Evolution and the origin of universe are two different things, but both have modern theories which explain much of what we observe quite well. Monkeys are not ancient creatures left over from the evolution of people. They are modern, contemporary animals that themselves have evolved from earlier forms. The overwhelming evidence indicates that both humans and apes have a common ancestor and that the two lines diverged from each other a long time ago. We have a great deal in common with other animals, especially apes. More that 90% of our DNA is identical to that of modern apes, but 10% is a big difference. The evolution of the cosmos however, is different thing and I”ll leave it to others to explain it.
The most important thing to take away with evolution is understanding Deep Time. The city-state of Ur is considered the oldest human civilization, and it was founded around 4,000BC (6,000 years ago). This compared to the age of our planet, the age of our star, the age of our galaxy is hardly blink of the eye. The comparison often made is, if you lay the universe out on a calendar, so the Big Bang (14 billion years ago) happened at the first second of January 1st – all of written human history is the last second before midnight on December 31st.
That is all to say, there is an enormous amount of time that passed before we could even write, so much it’s hard for the brain to process (much like the enormity of space itself). Human history is told in thousands of years, evolution unfolds over millions of years. That’s why you won’t see chicken lay an egg one day, and the baby that hatches out is a newly evolved species. It doesn’t happen on time spans we live in. Nor is it so dramatic or instant. Its very tiny changes happening over incredibly long stretches of time.
To specifically answer the “if we evolved from monkeys, why do monkeys still exist?” claim. We didn’t. Both us, monkeys, and chimps evolved seperately from a common ancestor species.

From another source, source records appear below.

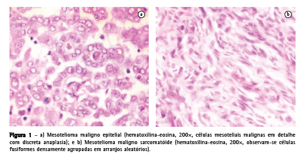 Do ponto de vista anátomo-patológico, o MPM é classificado em 3 subtipos: epitelial, sarcomatóide e bifásico (ou misto). O epitelial ocorre em 50 a 60% dos casos e se caracteriza por melhor prognóstico clínico. Sua diferenciação com o adenocarcinoma metastático pode ser difícil, justificando a necessidade de maiores fragmentos de tecido. O tipo sarcomatóide compreende 15% dos casos, sendo composto por células fusiformes e assemelhando-se ao fibrossarcoma ou ao leiomiossarcoma. O mesotelioma bifásico é representado pela associação de áreas epiteliais e sarcomatóides, sendo necessárias múltiplas secções para demonstrar ambos os componentes(2) (Figura 1). A avaliação imunohistoquímica dos fragmentos complementa a análise histológica e é ferramenta essencial para o diagnóstico definitivo, sendo os marcadores mais úteis a calretinina (diagnóstico de mesotelioma) e o antígeno carcinoembrionário (diagnóstico de adenocarcinoma).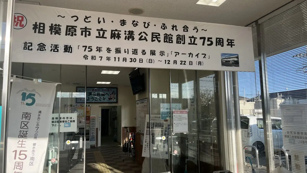 下溝にある麻溝公民館が創立75周年を迎えたことを記念し「75年を振り返る展示」「アーカイブ」を開催中です。麻溝公民館はJR相模線 原当麻駅から徒歩約5分の場所にあります。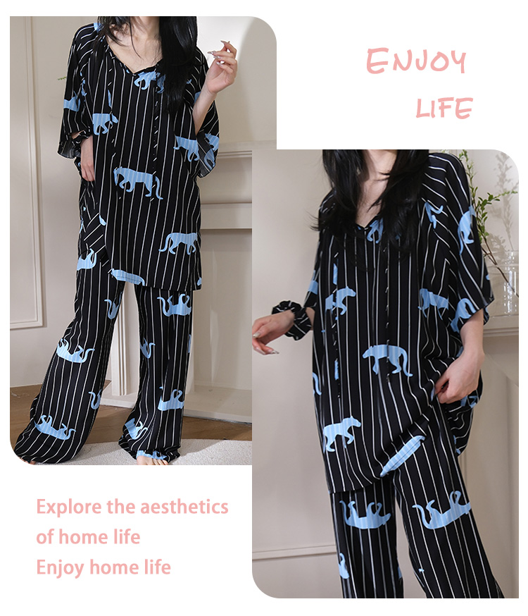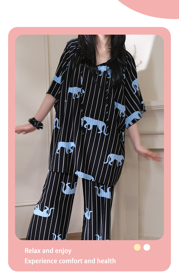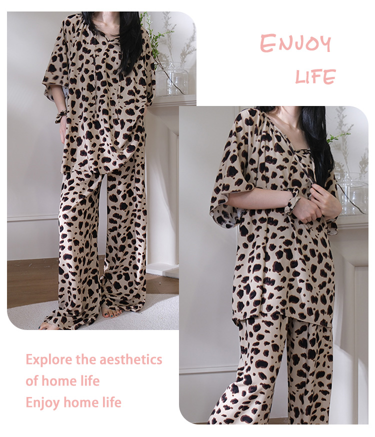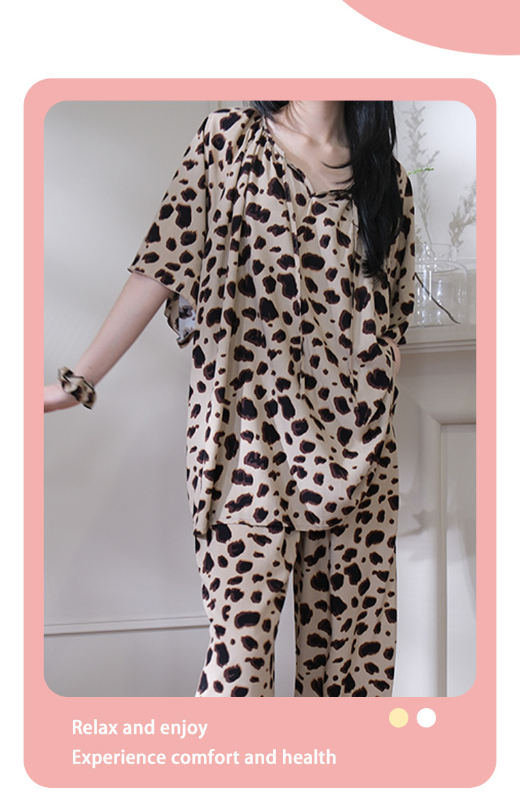 レディース 夏用 インナー付き 高級感 セットアップ 外出可能 ヒョウ柄 ルームウェア 2点セット 薄手 ID1817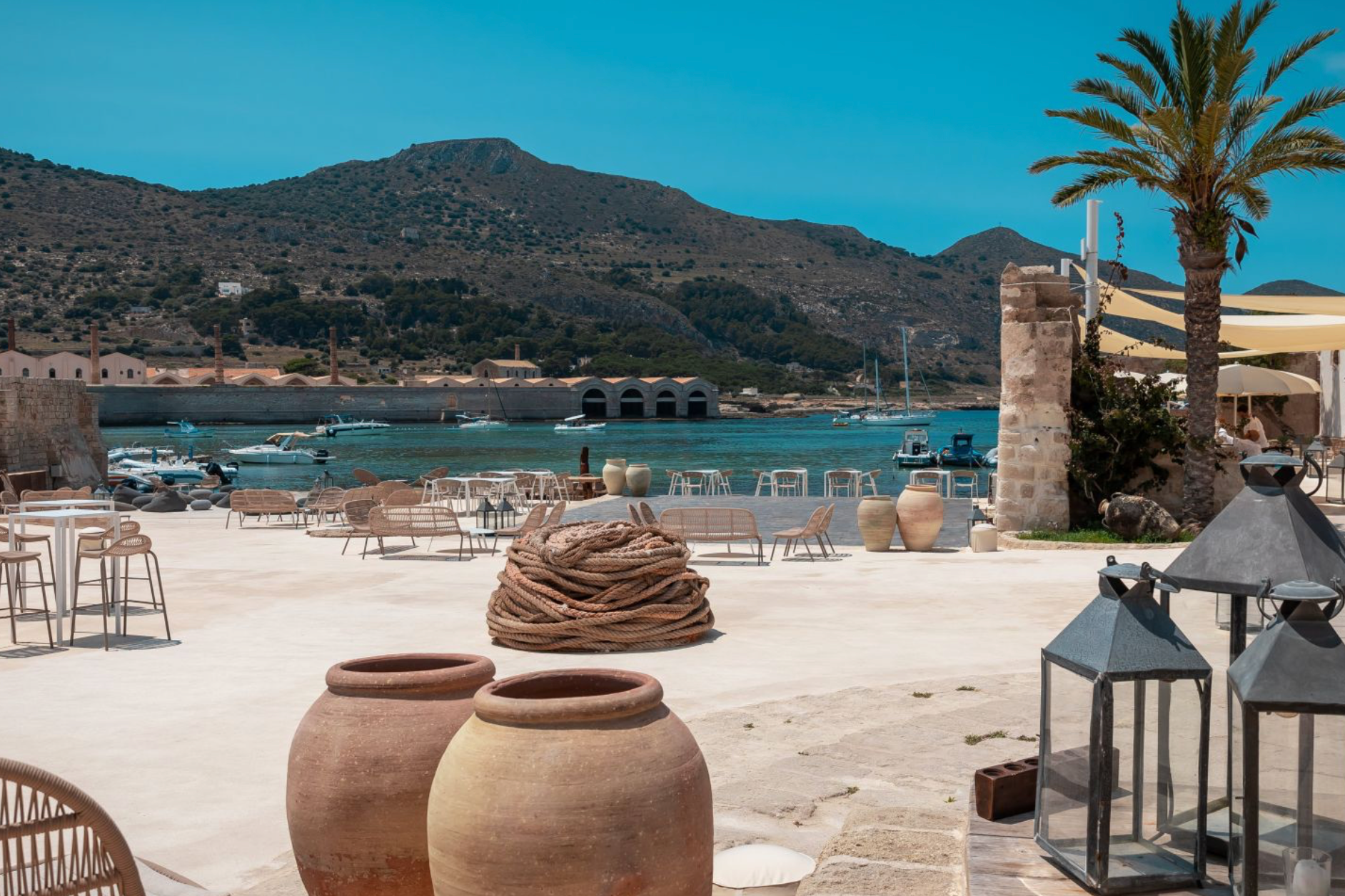riginally used to house the boats of the tuna fishery, Campania blends industrial history with island charm. Its open spaces and historic architecture create a unique backdrop for intimate ceremonies and striking photographs.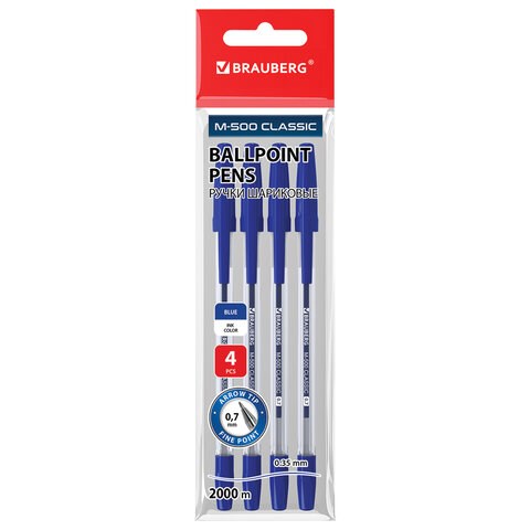Ручки шариковые BRAUBERG "M-500 CLASSIC", НАБОР 4 шт., СИНИЕ, узел 0,7 мм, линия письма 0,35 мм, 143453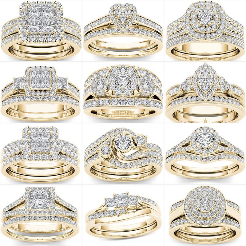 Exquisite 2pcs Set 18k Gold White Sapphire Diamond Ring Set
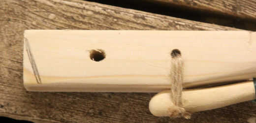 Corte una espiga de 5/16" de 4 pulgadas de largo. Deslice el orificio más cercano a la parte delantera de la culata. Debe ser suelto para que el pasador se puede sacar en lugar de amarre deshacer para quitar el arco.

Humans evolved differently, because Africa was losing it’s jungles at the time. Our ancestors evolved better survive on the ground, instead of in the trees. Meanwhile monkey ancestors, living in areas that still had bountiful trees, had no reason to evolve better suited to the ground – and in fact evolved to be more suited to the trees.
As for the Big Bang, and Abiogensis; we haven’t come up with conclusive answers. We just have theories.
One idea for the Big Bang, assumes multiverse theory is correct. When two other universes collided, the Big Bang happened at the point of impact and birthed our universe.
The most recent idea I heard for Abiogenesis is it happened at deep ocean vents. There’s a lot of heat energy to be had at these vents, and they are also rich in organic matter spewing out from underground. The rock of these vents is very porous, like a sponge. Those tiny pores create a round scaffold on which proteins could build a cell wall. We feel the cell wall is one of the most critical steps for life to exist, as it separates the lifeform from the environment.